▶ **DATA SEGMENT**
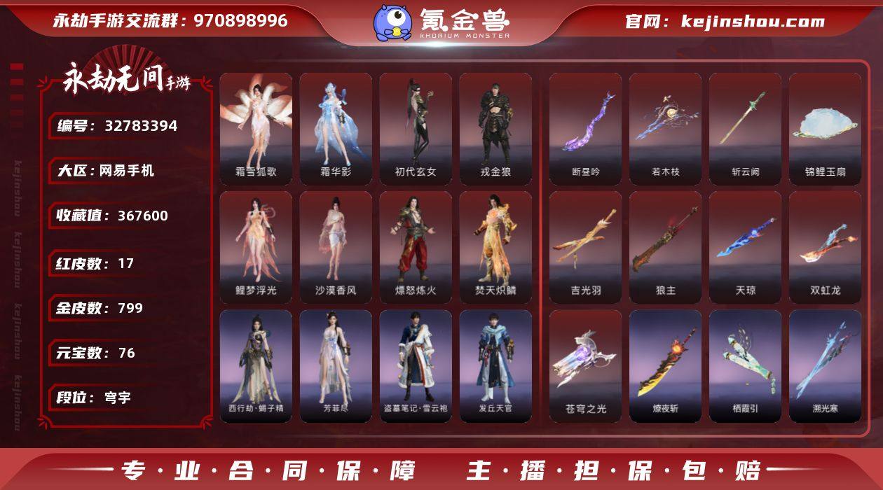 账号类型: 手机账号 网易支付状态: 未注册 换绑冷却: 有冷却 段位: 穹宇 收藏值: 367600 红皮数: 17 金皮数: 799 元宝数: 76 幻丝数: 198 角色红皮: 鲤梦浮光(胡桃),沙漠香风(迦南),初代玄女(宁红夜),熛怒炼火(季沧海),霜华影(顾清寒),戎金狼(特木尔),霜雪狐歌(玉玲珑),焚天炽鳞(季沧海) 武器红皮: 吉光羽(太刀),狼主(阔刀),天琼(匕首),锦鲤玉扇(扇子),双虹龙(双刀),苍穹之光(五眼铳),斩云阙(横刀),若木枝(双戟),断昼吟(链剑) 南宫锦金皮: 芳菲尽,西行劫·蝎子精 沈妙金皮: P5R·奥村春 NOIR,绿野守护·悠竹萌客 刘炼金皮: 虹猫蓝兔七侠传·虹猫,金财聚辉,怀金袍,泠音戏梦·霄魄 蓝梦金皮: 观山海·乘黄,虹猫蓝兔七侠传·蓝兔,太平乐 无尘金皮: 流星群侠传·骆星尘,怪诞狂想·诡趣幻袍,荡魔,P5R·雨宫莲 JOKER,朝闻道,雨弈山河 顾清寒金皮: 南山翠暖,西行劫·玉兔精,西行劫·玄霜仙兔,春日序曲·寒芷,赤丹朱湛,代号·冰凌,倒反阴阳·霜弑,云棉巧作,寒绛点梅,观山海·白泽 崔三娘金皮: 掌珠仙子,怒浪,探海裙 宁红夜金皮: 碧水青天,九阴圣女,夜华朝,红川仙子,西行劫·蜘蛛精,封神录·云霄娘娘,冥神 殷紫萍金皮: 新倩女幽魂·花间影,2674·幻械姬,智绘·萍之缘,九州遗珍·福寿仙,棠绯醉晚,桃胭花信 妖刀...
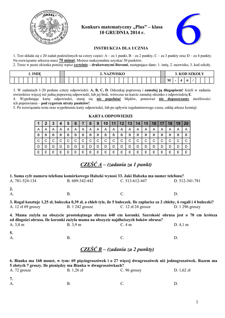Konkurs matematyczny „Plus” – klasa 10 GRUDNIA 2014 r. INSTRUKCJA DLA UCZNIA 1. Test składa się z 20 zadań podzielonych na cztery części: A – za 1 punkt, B – za 2 punkty, C – za 3 punkty oraz D – za 4 punkty. Na rozwiązanie arkusza masz 75 minut. Możesz maksymalnie uzyskać 50 punktów. 2. Teraz w puste okienka poniżej wpisz czytelnie – drukowanymi literami, następujące dane: 1. imię, 2. nazwisko, 3. kod szkoły. 1. IMIĘ 2. NAZWISKO 3. KOD SZKOŁY M - 4 6 / 3. W zadaniach 1-20 podano cztery odpowiedzi: A, B, C, D. Odszukaj poprawną i zamaluj ją długopisem! Jeżeli w zadaniu stwierdzisz więcej niż jedną poprawną odpowiedź, lub jej brak, wówczas na karcie zamaluj okienko z odpowiedzią E. 4. Wypełniając kartę odpowiedzi, staraj się nie popełniać błędów, ponieważ nie dopuszczamy możliwości ich poprawiania – pod rygorem utraty punktów! 5. Po rozwiązaniu testu oraz wypełnieniu karty odpowiedzi, lub po upływie regulaminowego czasu, oddaj arkusz komisji. KARTA ODPOWIEDZI 1 2 3 4 5 6 7 8 9 10 11 12 13 14 15 16 17 18 19 20 A A A A A A A A A A A A A A A A A A A A B B B B B B B B B B B B B B B B B B B B C C C C C C C C C C C C C C C C C C C C D D D D D D D D D D D D D D D D D D D D E E E E E E E E E E E E E E E E E E E E CZĘŚĆ A – (zadania za 1 punkt) 1. Suma cyfr numeru telefonu komórkowego Halszki wynosi 33. Jaki Halszka ma numer telefonu? A. 781-524-134 B. 609-342-442 C. 513-612-447 D. 512-341-781 2. A. B. C. D. 3. Rogal kosztuje 1,25 zł, bułeczka 0,39 zł, a chleb tyle, ile 5 bułeczek. Ile zapłacisz za 2 chleby, 6 rogali i 4 bułeczki? A. 12 zł 69 groszy B. 1 242 grosze C. 12 zł 24 grosze D. 1 296 groszy 4. Mama zużyła na obszycie prostokątnego obrusa 640 cm koronki. Szerokość obrusa jest o 70 cm krótsza od długości obrusa. Ile koronki zużyła mama na obszycie najdłuższych boków obrusa? A. 3,8 m B. 3,9 m C. 4 m D. 4,1 m 5. A. B. C. D. CZĘŚĆ B – (zadania za 2 punkty) 6. Bianka ma 168 monet, w tym: 69 pięciogroszówek i o 27 więcej dwugroszówek niż jednogroszówek. Razem ma 5 złotych 7 groszy. Ile pieniędzy ma Bianka w dwugroszówkach? A. 72 grosze B. 1,26 zł C. 96 groszy D. 1,62 zł 7. A. B. C. D. 1 8. Tomek miał 280 zł. ¼ tej kwoty przeznaczył na zakup koszuli. Za ½ pozostałej kwoty kupił spodnie. 85 zł wydał na buty. Za resztę pieniędzy kupił 8 paczek chipsów. Ile kosztowała paczka chipsów? A. 2,50 zł B. 2,75 zł C. 3 zł D. 3,25 zł 9. A. B. C. D. 10. A. B. C. D. CZĘŚĆ C – (zadania za 3 punkty) 11. A. B. C. D. 12. Igor przeczytał już 131 stron lektury. Jeśli w ciągu następnego tygodnia codziennie przeczyta 19 stron, to przeczyta całą lekturę. Ile stron ma lektura, którą czyta Igor? A. 254 B. 245 C. 264 D. 246 13. A. B. C. D. 14. Jubiler w 2 gablotach trzymał 136 kamieni szlachetnych, w tym: diamenty, 54 szmaragdy, 43 rubiny i 32 szafiry. Ile diamentów było w obu gablotach? A. 14 B. 7 C. 16 D. 8 15. A. B. C. D. CZĘŚĆ D – (zadania za 4 punkty) 16. Z Malborka do kopalni soli w Wieliczce przyjechało 138 uczniów oraz 9 ich opiekunów. Jeden przewodnik może zaopiekować się grupą 12 uczniów. Ilu przewodników będzie oprowadzało po kopalni grupę z Malborka? A. jedenastu B. dwunastu C. trzynastu D. czternastu 17. A. B. C. D. 18. W jednym opakowaniu jest 80 klocków. Kornel dostał 3 opakowania klocków. Z 96 klocków zbudował dwa piętrowe garaże. Pozostałe klocki podzielił na 6 równych części i z każdej ułożył samochód. Z ilu klocków był zbudowany każdy samochód? A. z dwudziestu czterech B. z czternastu C. z czterdziestu ośmiu D. z czterdziestu 19. A. B. C. D. 20. Trzy piłki kosztują razem 294 zł. Cena piłki do siatkówki stanowi ¾ ceny piłki do nogi, która kosztuje 96 zł. Piłka koszykowa jest o ¾ droższa od piłki siatkowej. O ile złotych piłka do siatkówki jest tańsza od piłki koszykowej? A. o 30 zł B. o 24 zł C. o 54 zł D. o 42 zł 2
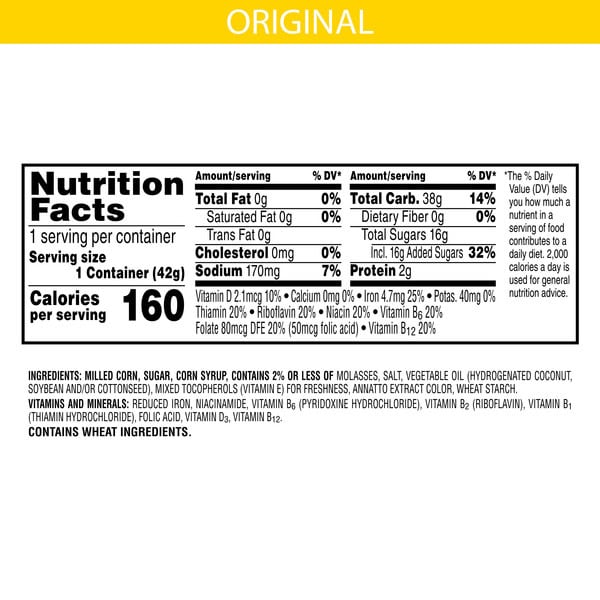 Milled Corn, Sugar, Corn Syrup, Contains 2% Or Less Of Molasses, Salt, Vegetable Oil (hydrogenated Coconut, Soybean And/or Cottonseed), Mixed Tocopherols (vitamin E) For Freshness, Annatto Extract Color, Wheat Starch, Vitamins And Minerals: Reduced Iron, Niacinamide, Vitamin B₆ (pyridoxine Hydrochloride), Vitamin B₂ (riboflavin), Vitamin B₁ (thiamin Hydrochloride), Folic Acid, Vitamin D₃, Vitamin B₁₂

▶ **PROMPT**
Since pictures are not part of the copy, set down only the remaining data exactly.

▶ **WRITTEN REPLY**
 账号类型: 手机账号 网易支付状态: 未注册 换绑冷却: 有冷却 段位: 穹宇 收藏值: 367600 红皮数: 17 金皮数: 799 元宝数: 76 幻丝数: 198 角色红皮: 鲤梦浮光(胡桃),沙漠香风(迦南),初代玄女(宁红夜),熛怒炼火(季沧海),霜华影(顾清寒),戎金狼(特木尔),霜雪狐歌(玉玲珑),焚天炽鳞(季沧海) 武器红皮: 吉光羽(太刀),狼主(阔刀),天琼(匕首),锦鲤玉扇(扇子),双虹龙(双刀),苍穹之光(五眼铳),斩云阙(横刀),若木枝(双戟),断昼吟(链剑) 南宫锦金皮: 芳菲尽,西行劫·蝎子精 沈妙金皮: P5R·奥村春 NOIR,绿野守护·悠竹萌客 刘炼金皮: 虹猫蓝兔七侠传·虹猫,金财聚辉,怀金袍,泠音戏梦·霄魄 蓝梦金皮: 观山海·乘黄,虹猫蓝兔七侠传·蓝兔,太平乐 无尘金皮: 流星群侠传·骆星尘,怪诞狂想·诡趣幻袍,荡魔,P5R·雨宫莲 JOKER,朝闻道,雨弈山河 顾清寒金皮: 南山翠暖,西行劫·玉兔精,西行劫·玄霜仙兔,春日序曲·寒芷,赤丹朱湛,代号·冰凌,倒反阴阳·霜弑,云棉巧作,寒绛点梅,观山海·白泽 崔三娘金皮: 掌珠仙子,怒浪,探海裙 宁红夜金皮: 碧水青天,九阴圣女,夜华朝,红川仙子,西行劫·蜘蛛精,封神录·云霄娘娘,冥神 殷紫萍金皮: 新倩女幽魂·花间影,2674·幻械姬,智绘·萍之缘,九州遗珍·福寿仙,棠绯醉晚,桃胭花信 妖刀...
Konkurs matematyczny „Plus” – klasa 10 GRUDNIA 2014 r. INSTRUKCJA DLA UCZNIA 1. Test składa się z 20 zadań podzielonych na cztery części: A – za 1 punkt, B – za 2 punkty, C – za 3 punkty oraz D – za 4 punkty. Na rozwiązanie arkusza masz 75 minut. Możesz maksymalnie uzyskać 50 punktów. 2. Teraz w puste okienka poniżej wpisz czytelnie – drukowanymi literami, następujące dane: 1. imię, 2. nazwisko, 3. kod szkoły. 1. IMIĘ 2. NAZWISKO 3. KOD SZKOŁY M - 4 6 / 3. W zadaniach 1-20 podano cztery odpowiedzi: A, B, C, D. Odszukaj poprawną i zamaluj ją długopisem! Jeżeli w zadaniu stwierdzisz więcej niż jedną poprawną odpowiedź, lub jej brak, wówczas na karcie zamaluj okienko z odpowiedzią E. 4. Wypełniając kartę odpowiedzi, staraj się nie popełniać błędów, ponieważ nie dopuszczamy możliwości ich poprawiania – pod rygorem utraty punktów! 5. Po rozwiązaniu testu oraz wypełnieniu karty odpowiedzi, lub po upływie regulaminowego czasu, oddaj arkusz komisji. KARTA ODPOWIEDZI 1 2 3 4 5 6 7 8 9 10 11 12 13 14 15 16 17 18 19 20 A A A A A A A A A A A A A A A A A A A A B B B B B B B B B B B B B B B B B B B B C C C C C C C C C C C C C C C C C C C C D D D D D D D D D D D D D D D D D D D D E E E E E E E E E E E E E E E E E E E E CZĘŚĆ A – (zadania za 1 punkt) 1. Suma cyfr numeru telefonu komórkowego Halszki wynosi 33. Jaki Halszka ma numer telefonu? A. 781-524-134 B. 609-342-442 C. 513-612-447 D. 512-341-781 2. A. B. C. D. 3. Rogal kosztuje 1,25 zł, bułeczka 0,39 zł, a chleb tyle, ile 5 bułeczek. Ile zapłacisz za 2 chleby, 6 rogali i 4 bułeczki? A. 12 zł 69 groszy B. 1 242 grosze C. 12 zł 24 grosze D. 1 296 groszy 4. Mama zużyła na obszycie prostokątnego obrusa 640 cm koronki. Szerokość obrusa jest o 70 cm krótsza od długości obrusa. Ile koronki zużyła mama na obszycie najdłuższych boków obrusa? A. 3,8 m B. 3,9 m C. 4 m D. 4,1 m 5. A. B. C. D. CZĘŚĆ B – (zadania za 2 punkty) 6. Bianka ma 168 monet, w tym: 69 pięciogroszówek i o 27 więcej dwugroszówek niż jednogroszówek. Razem ma 5 złotych 7 groszy. Ile pieniędzy ma Bianka w dwugroszówkach? A. 72 grosze B. 1,26 zł C. 96 groszy D. 1,62 zł 7. A. B. C. D. 1 8. Tomek miał 280 zł. ¼ tej kwoty przeznaczył na zakup koszuli. Za ½ pozostałej kwoty kupił spodnie. 85 zł wydał na buty. Za resztę pieniędzy kupił 8 paczek chipsów. Ile kosztowała paczka chipsów? A. 2,50 zł B. 2,75 zł C. 3 zł D. 3,25 zł 9. A. B. C. D. 10. A. B. C. D. CZĘŚĆ C – (zadania za 3 punkty) 11. A. B. C. D. 12. Igor przeczytał już 131 stron lektury. Jeśli w ciągu następnego tygodnia codziennie przeczyta 19 stron, to przeczyta całą lekturę. Ile stron ma lektura, którą czyta Igor? A. 254 B. 245 C. 264 D. 246 13. A. B. C. D. 14. Jubiler w 2 gablotach trzymał 136 kamieni szlachetnych, w tym: diamenty, 54 szmaragdy, 43 rubiny i 32 szafiry. Ile diamentów było w obu gablotach? A. 14 B. 7 C. 16 D. 8 15. A. B. C. D. CZĘŚĆ D – (zadania za 4 punkty) 16. Z Malborka do kopalni soli w Wieliczce przyjechało 138 uczniów oraz 9 ich opiekunów. Jeden przewodnik może zaopiekować się grupą 12 uczniów. Ilu przewodników będzie oprowadzało po kopalni grupę z Malborka? A. jedenastu B. dwunastu C. trzynastu D. czternastu 17. A. B. C. D. 18. W jednym opakowaniu jest 80 klocków. Kornel dostał 3 opakowania klocków. Z 96 klocków zbudował dwa piętrowe garaże. Pozostałe klocki podzielił na 6 równych części i z każdej ułożył samochód. Z ilu klocków był zbudowany każdy samochód? A. z dwudziestu czterech B. z czternastu C. z czterdziestu ośmiu D. z czterdziestu 19. A. B. C. D. 20. Trzy piłki kosztują razem 294 zł. Cena piłki do siatkówki stanowi ¾ ceny piłki do nogi, która kosztuje 96 zł. Piłka koszykowa jest o ¾ droższa od piłki siatkowej. O ile złotych piłka do siatkówki jest tańsza od piłki koszykowej? A. o 30 zł B. o 24 zł C. o 54 zł D. o 42 zł 2
 Milled Corn, Sugar, Corn Syrup, Contains 2% Or Less Of Molasses, Salt, Vegetable Oil (hydrogenated Coconut, Soybean And/or Cottonseed), Mixed Tocopherols (vitamin E) For Freshness, Annatto Extract Color, Wheat Starch, Vitamins And Minerals: Reduced Iron, Niacinamide, Vitamin B₆ (pyridoxine Hydrochloride), Vitamin B₂ (riboflavin), Vitamin B₁ (thiamin Hydrochloride), Folic Acid, Vitamin D₃, Vitamin B₁₂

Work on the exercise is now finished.